Wednesday, April 25, 2012

So why did he write this?-Grapes of Wrath Chapters 25-30


In that last chapters and as the book was ending I began to wonder what Steinbeck's real purpose was for writing this novel about the Great Depression. During The Grapes of Wrath the story of families and the description of hardships are a main part of the story. However it wasn't toward the end of the book when I really saw what the novel was maybe written about. Towards the end of the book there are several chapters that really get into the political side of the Great Depression. Steinbeck has been known for his Marxist views but for my opinion they have been kept out of his writing, in this book anyway. There were many political and economic things that were wrong with how the Great Depression was treated and we start to see Steinbeck's views come out in characters and especially in the chapters in between the Joad's plot line. Starting in chapter twenty five when the destroying of the crop and how the people were kept from it, we start to feel and Steinbeck artfully guides us to take his side of things. The injustice described in that chapter is a stark difference from the rest of the novel because it depicts it so well and completely. “A million people hungry, needing fruit-and kerosene sprayed over the gokden mountains. And the smell of rot fills the country”(448).
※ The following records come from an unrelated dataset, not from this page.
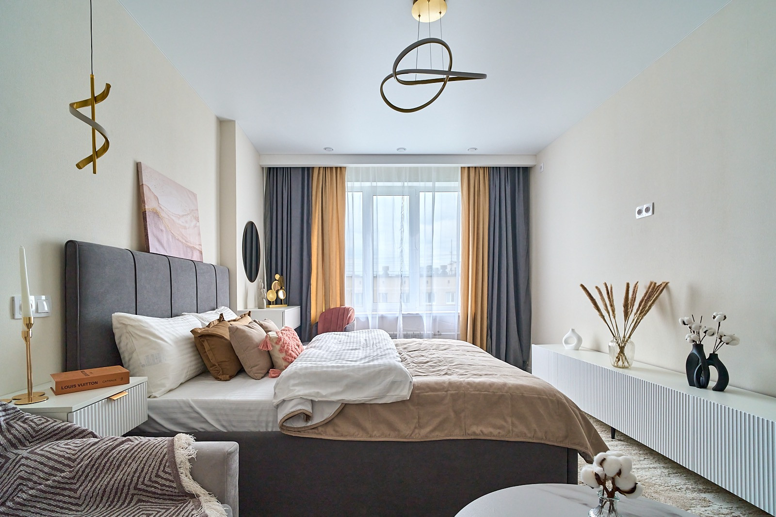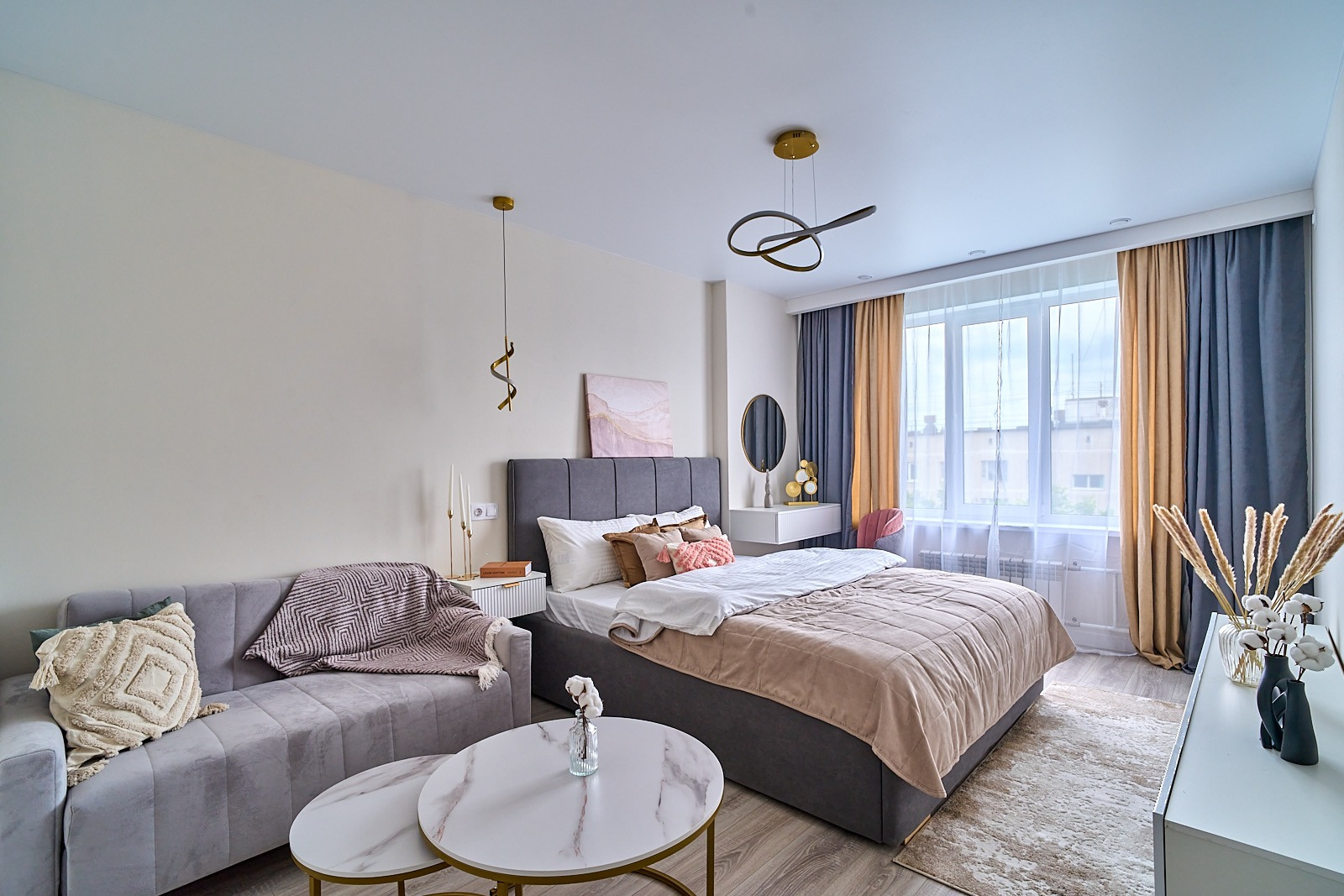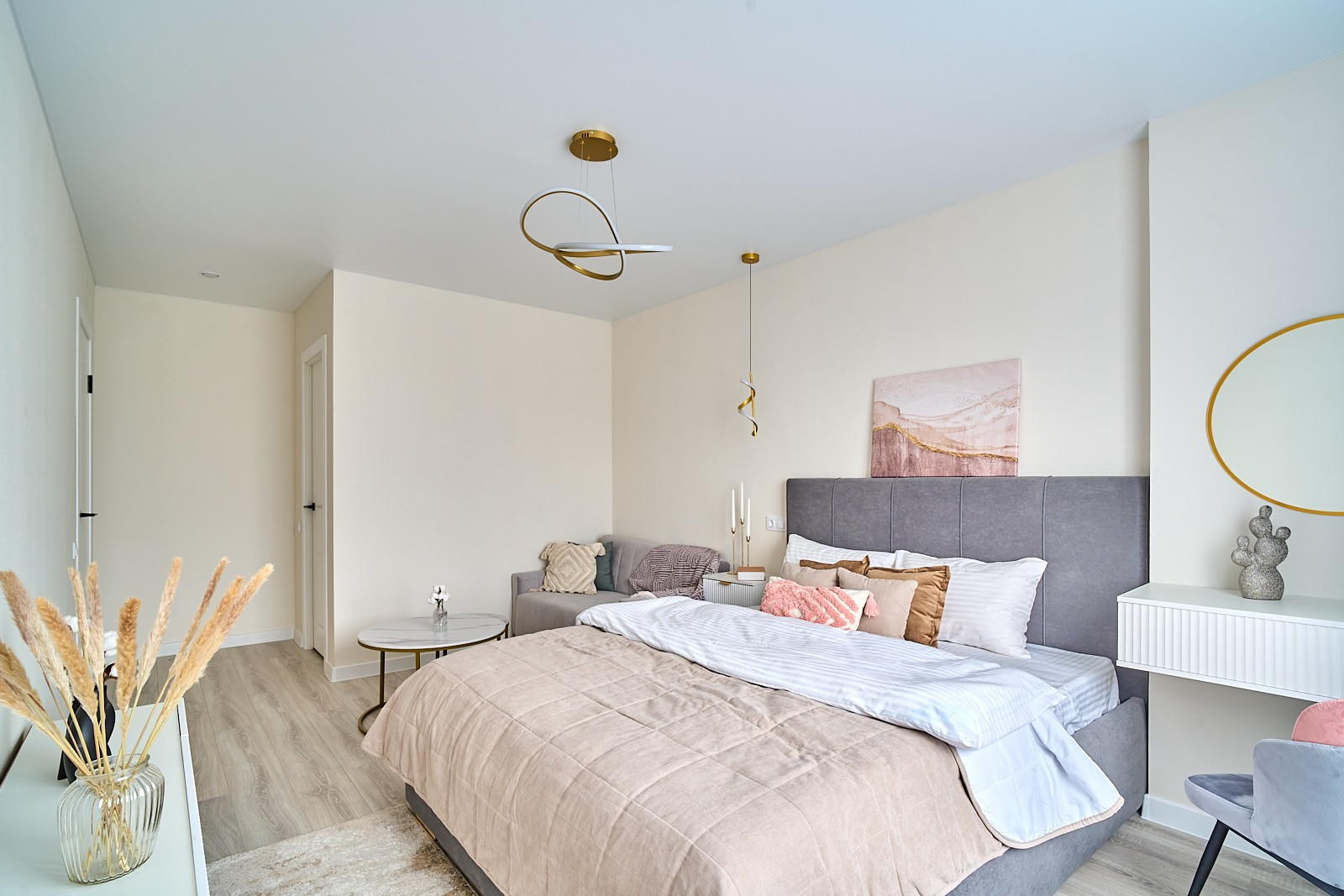 В квартире все новое. в комнате двуспальная кровать, диван с раскладывающимся механизмом, гардеробная комната с системой хранения.
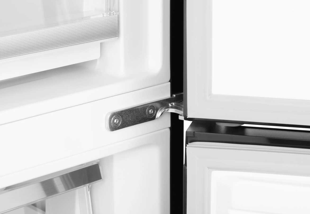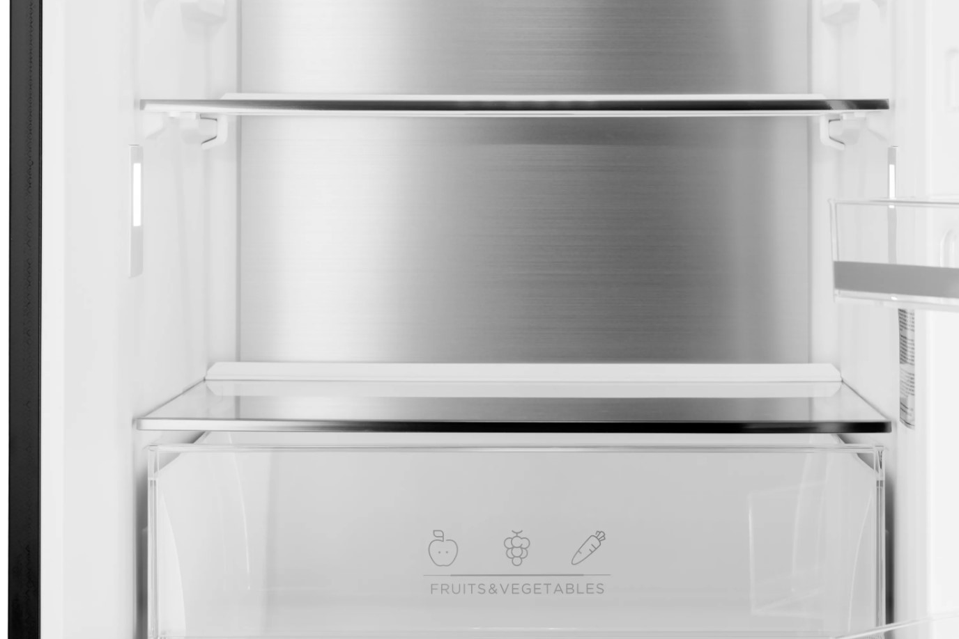 Стильный двухкамерный холодильник с фасадом из черной нерж. стали с нижней морозильной камерой. Возможность открывать дверь под углом 90 градусов позволяет размещать его вплотную к стене и не иметь при этом проблем с выдвижением ящиков. Кроме того, двери оснащены системой автоматической доводки.
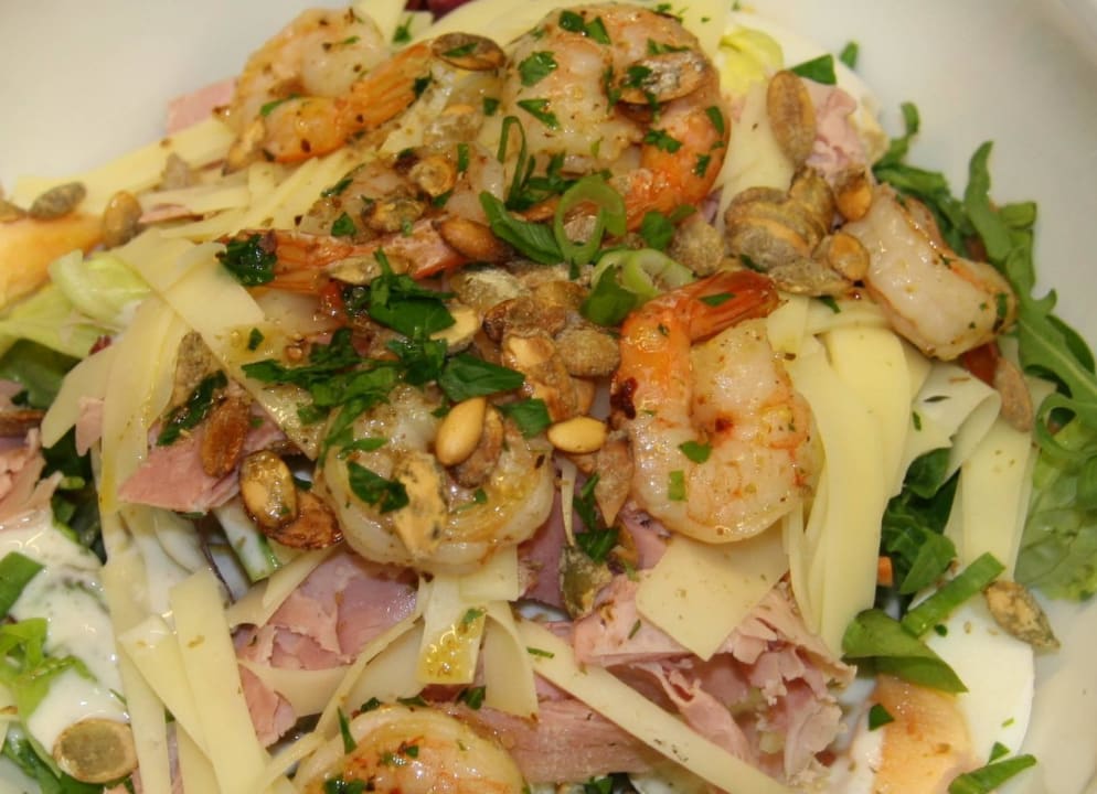 Chefsalat mit Joghurtdressing, Garnelen, Schinken
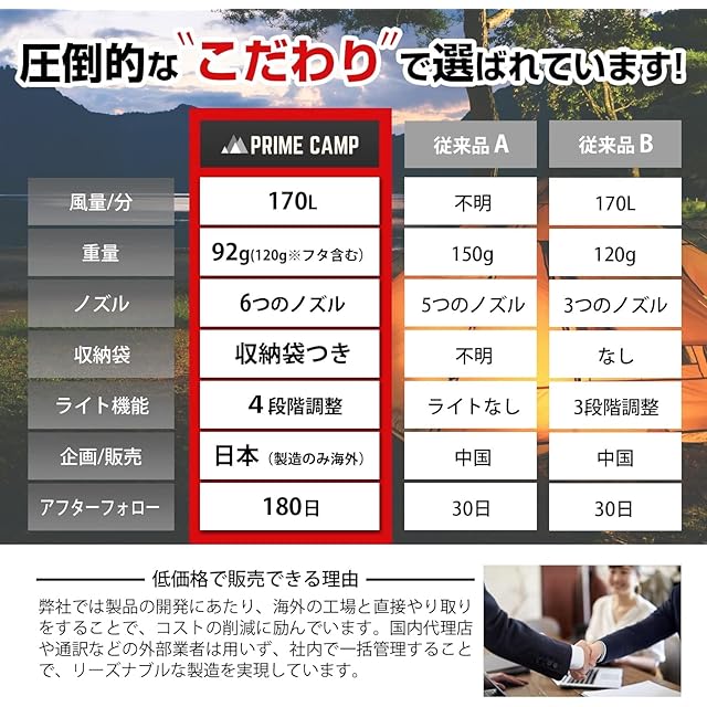 【6つのノズルで様々な用途をカバー】 弊社オリジナルのエアーベッド専用ノズルなど6つのノズルを用意。キャンプのインフレーターマット、エアークッションはもちろん、BBQの火起こしの送風、夏の浮き輪など様々な用途で活躍します。※製品によってはどのノズルもしっかりハマらない可能性がございます。その場合は手で押さえながらご使用ください。
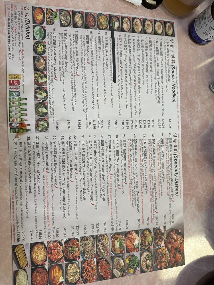 “ I dont really like soup but I love the beef soup here so much. Its become a comfort food. The party platters are also good if you want something a bit heavier and more flavorful. You get banchan with free refills and a choice of purple or white rice. Like to sit with a view of the KPop videos. ”
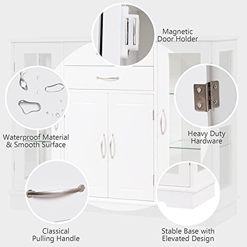 COSTWAY Buffet Sideboard, Wooden Storage Cabinet with Adjustable Shelves and 2 Glass Doors, Server Pantry Cupboard for Kitchen Living Dining Room (White)
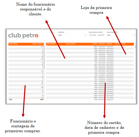 Observe qual funcionário fez a ativação do cliente no seu programa de fidelidade, ou seja, a primeira pontuação realizada, e quantas primeiras compras o funcionário foi responsável. Também pode conferir facilmente onde foi a primeira compra de seu cliente, qual seu número de cartão e as datas de cadastro e primeira compra.
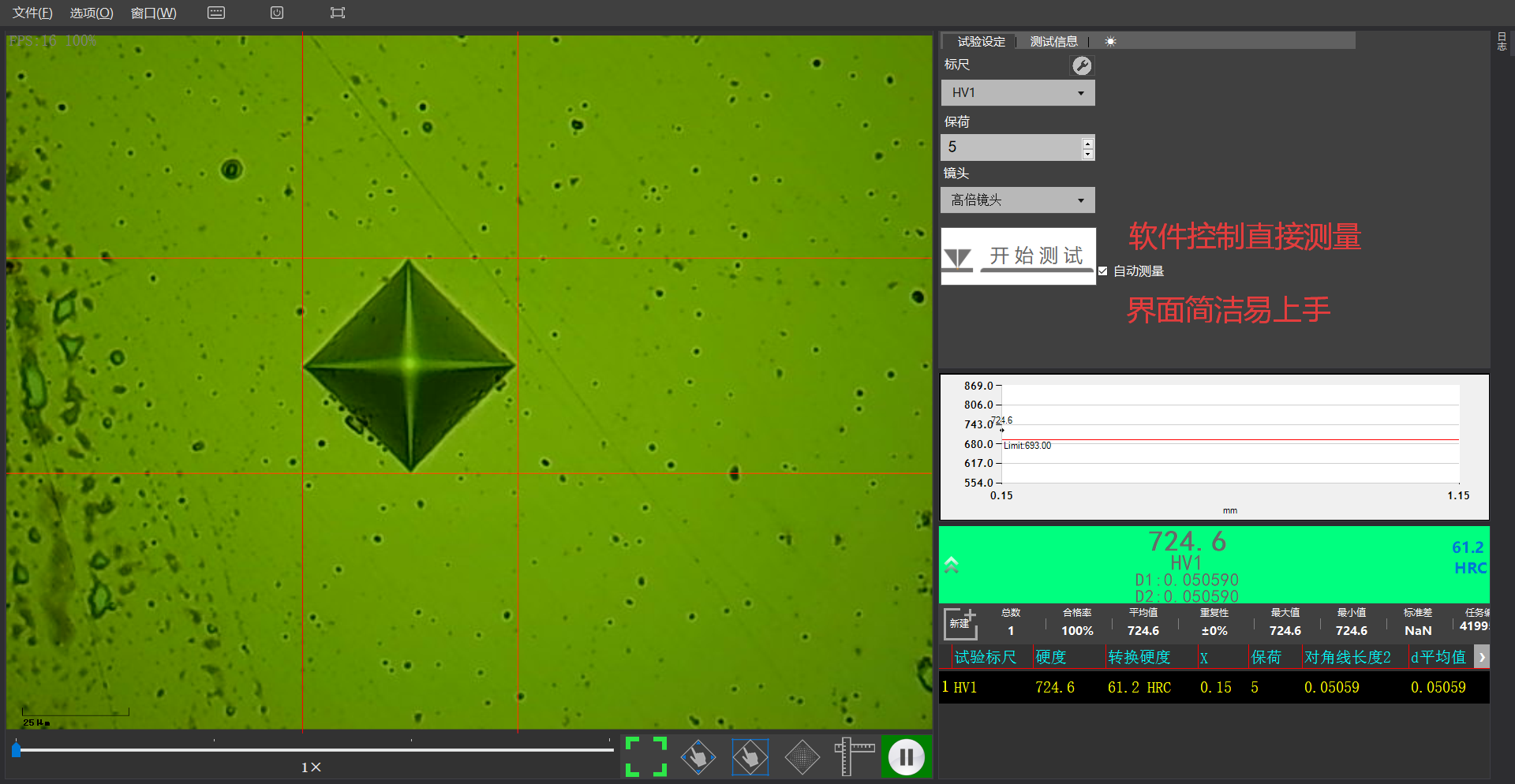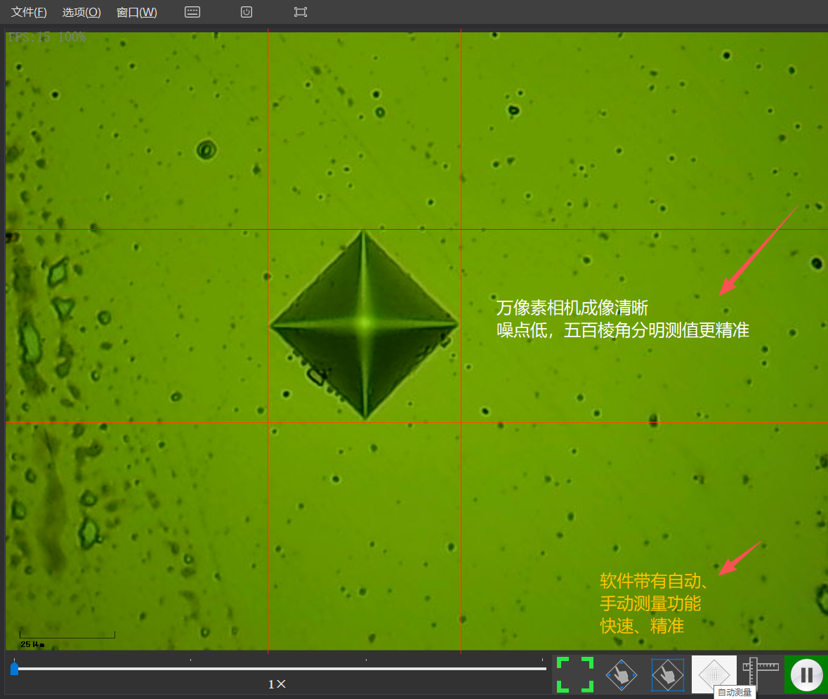 全自动维氏硬度图像测量系统,集成了光学成像、机械位移、电子控制、数字成像、图像分析、计算机处理等多种新专业技术,通过计算机主机实现对显微维氏硬度计和自动载物台的控制,并将硬度压痕数字化成像在计算机屏幕上,再通过自动读数、手动读数等手段,准确测量金属及部分非金属材料及各种膜层、镀层的显微硬度、硬化层深度、膜层厚度、两点间距等。还可拍摄金属表面形貌并进行固定倍率打印等。这一系统,突破了传统硬度的测试方式,实现了全自动、高精度、高重复性的硬度测试,是材料分析的重要设备。

I believe that the whole book was used to get the reader and audience to empathize with the migrants, and then to join the cause as the injustices were described at the end of the book. I also see another angle, an angle of hope for the future. Steinbeck wrote this book in the middle of the Depression were he could still see its effects and his world. At the end of the chapters a strong image of green grass growing up after a hard winter is very hopeful feel toward the situation. “Tiny points if grass came through the earth, and in a few days the hills were pale green with the beginning year”(556). This end of the chapter is very hopeful for a new future without hardships and a new earth to live in.